Chapter VII

Contains spoilers

Overview

Hector, Renata, and Sabine ravage Spain, escalating their predation by targeting churches. Hector impersonates a priest to lure a full congregation, and the trio massacre the parishioners in a frenzy. Sabine reflects on the binding promise that keeps her with them and on the bottomless nature of her hunger. As they leave, a critical detail is missed: one body is unaccounted for.

Summary

Over the next year, Hector, Renata, and Sabine sweep across Spain, leaving depopulated villages behind. They disguise themselves as plague doctors in spring and as Inquisition members in summer, using fear and authority to move unchallenged. By fall, Hector becomes fixated on churches and clergy as prey, a reckless shift that worries Sabine, who notes a manic edge to Hector’s temper, while Renata dismisses it as a passing storm.
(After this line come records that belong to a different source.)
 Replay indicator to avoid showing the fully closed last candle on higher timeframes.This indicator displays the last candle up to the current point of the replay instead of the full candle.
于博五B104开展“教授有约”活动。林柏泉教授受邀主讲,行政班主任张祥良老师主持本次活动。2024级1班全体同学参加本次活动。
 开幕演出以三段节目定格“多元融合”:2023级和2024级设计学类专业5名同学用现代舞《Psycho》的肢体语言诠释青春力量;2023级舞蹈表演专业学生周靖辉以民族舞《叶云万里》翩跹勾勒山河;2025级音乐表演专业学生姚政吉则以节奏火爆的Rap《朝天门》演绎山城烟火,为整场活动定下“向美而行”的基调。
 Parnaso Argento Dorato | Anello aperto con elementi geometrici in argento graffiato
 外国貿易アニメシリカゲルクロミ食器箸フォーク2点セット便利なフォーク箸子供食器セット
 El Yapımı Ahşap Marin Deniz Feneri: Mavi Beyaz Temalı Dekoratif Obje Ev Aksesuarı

They enter a chapel at night, careful to avoid the consecrated graveyard soil, which Renata warns is dangerous because "Death calls to death." Inside, Hector topples a candelabra to draw out the priest. When the priest appears, Hector insists on confession, enters the confessional, kills the priest, and dons the priest’s vestments, despite Sabine’s disapproval.

The following evening, parishioners gather for service. Sabine counts twenty-four people as they arrive. Renata bolts the doors, and Hector, in priestly robes, begins a Latin prayer, delighting in the audience. Confusion among the congregation turns to panic as they realize Hector is an imposter, but by then the trio has already set the slaughter in motion.
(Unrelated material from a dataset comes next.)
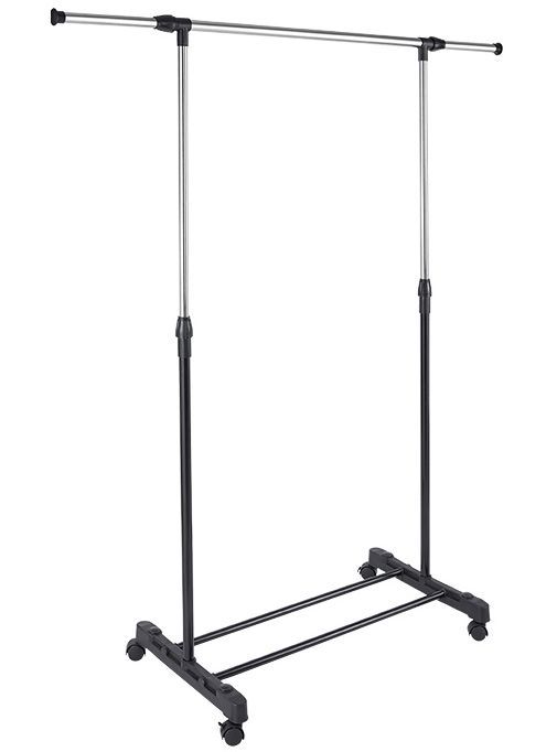 Вешалка напольная предназначена для размещения на ней одежды, обуви и предметов обихода в жилых помещениях, может использоваться для обустройства гардеробных комнат Имеет раздвижную систему с регулировкой высоты перекладины Надежная устойчивая конструкция Колеса со стопорным механизмом обеспечивают легкое перемещение, а также возможность надежно зафиксировать вешалку в выбранном месте Материал каркаса: нержавеющая сталь, сталь с декоративным покрытием Комплектация Длина 80 см Регулируемая высота 90155 см Ширина 43 см Количество перекладин 1 перекладина Максимальная нагрузка на перекладину 20 кг

A brutal massacre follows. The congregation stampedes and screams, and the three predators attack like wolves. Sabine is overtaken by a feral hunger, drinking deeply and continuously without finding fullness; each victim only widens her craving. She experiences the blood’s flavor tinged with sacramental wine and sinks into a euphoric aftermath.

When the violence ends, silence fills the church. Hector sits at the altar steps, his robes soaked red; Renata sits beside him; Sabine rests with her head in Renata’s lap, savoring the lull. Aware that the bodies are cooling and time is short, they depart, satisfied and careless.

Before the massacre, Sabine had counted twenty-four parishioners; however, in their intoxicated exit, they fail to count the bodies. Unnoticed by them, only twenty-three corpses remain, implying a survivor or missing body.

Threaded through the events, Sabine recognizes that her promise to Renata not to leave functions like a compulsion that clouds her thoughts, masking the constraint as desire and preventing her from contemplating escape.

Who Appears

  • Sabine
    narrator/protagonist; increasingly disturbed by Hector’s recklessness; experiences compulsion from her binding promise to Renata; participates in the church massacre and fails to notice a missing body.
  • Hector
    Sabine’s maker and leader; displays manic zeal; kills the priest, impersonates him, and orchestrates the slaughter of the congregation.
  • Renata
    Sabine’s lover and Hector’s creation; minimizes concerns about Hector, locks the church doors, and joins the massacre; her binding promise holds Sabine.
  • The priest
    local clergyman; lured into the confessional and killed by Hector.
  • Parishioners
    congregation of twenty-four; trapped and massacred, with one body unaccounted for afterward.